Major cryptocurrency exchange Binance has partnered with Chainalysis to fight the problem of money laundering. A press release published today stated that Chainalysis has finished a “global roll-out” of its software on the exchange, which will help Binance comply with anti-money laundering (AML) regulations.
Binance already complies with AML regulations to some extent by collecting identity documents from users (KYC), but this is not a foolproof way to detect money laundering, and Binance has not been enthusiastic about subjecting its customers to these regulations.
Chainalysis provides an alternative way to discover criminal activity. It investigates blockchain transactions analytically in order to identify users and detect suspicious behavior. After receiving $16 million in funding in April, the company released its “Know-Your-Transaction” (KYT) software:
“The software uses pattern recognition, proprietary algorithms and millions of open source references to identify and categorize thousands of cryptocurrency services to raise live alerts on transactions involved in suspicious activity.”
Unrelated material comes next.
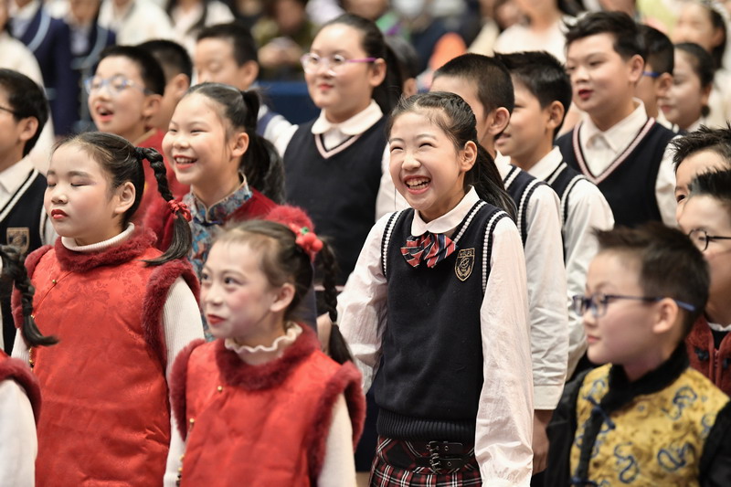 压轴节目由四(3)班呈现《一蓑烟雨任平生》、《如愿》,孩子们以坚定信念与饱满热情,诠释对未来的憧憬与无畏前行的勇气,赢得满堂喝彩。
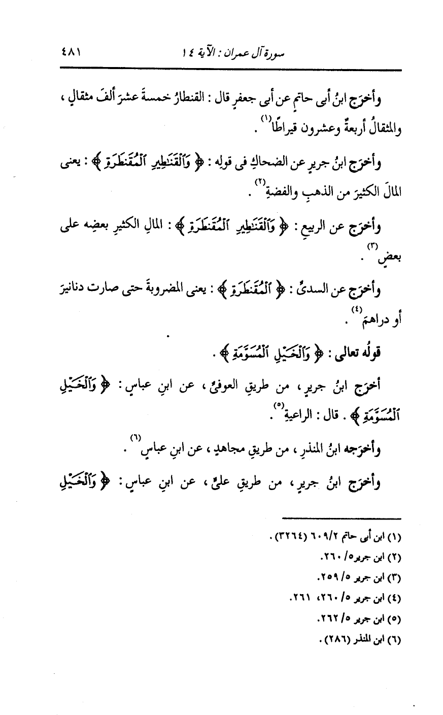 وأَخرج ابن جرير عن الضحاك في قوله {والقناطير المقنطرة} يعني المال الكثير من الذهب والفضة.

Prior to this, the company’s software mainly analyzed existing transactions: the IRS, for example, used Chainalysis to identify tax evaders by delving into four-year-old records.
The advent of Chainalysis’ real-time software has allowed the company to expand, and it now serves more than 150 customers in the areas of cryptocurrency, finance, and government.
Suggested Reading : Learn how to transfer Bitcoin from Coinbase to Binance.
Although many privacy-concerned users are turning away from exchanges that demand their identity, Chainalysis’ KYT software could reduce user privacy even in exchanges that do not use KYC. Binance’s upcoming decentralized exchange could conceivably be watched over by Chainalysis’ KYT software, for example.
It is not clear how consistently Chainalysis succeeds at extrapolating private information from the public ledger, but as the Bitcoin network grows, the task becomes easier due to an abundance of interconnected information. For this reason, privacy advocates have urged users to use coin mixers ever since the early days of Bitcoin. Privacy coins like Monero provide another way to stay truly anonymous.
On the other side of the debate, some see regulatory compliance as an important step toward the mainstream adoption of cryptocurrency. The co-founder of Chainalysis, Jonathan Levin, notes that all crypto companies “face the same core challenge: earning the trust of regulators, financial institutions and users.” As the leading crypto exchange, Binance undeniably has succeeded in achieving mass appeal, even if it does sacrifice the tenet of privacy.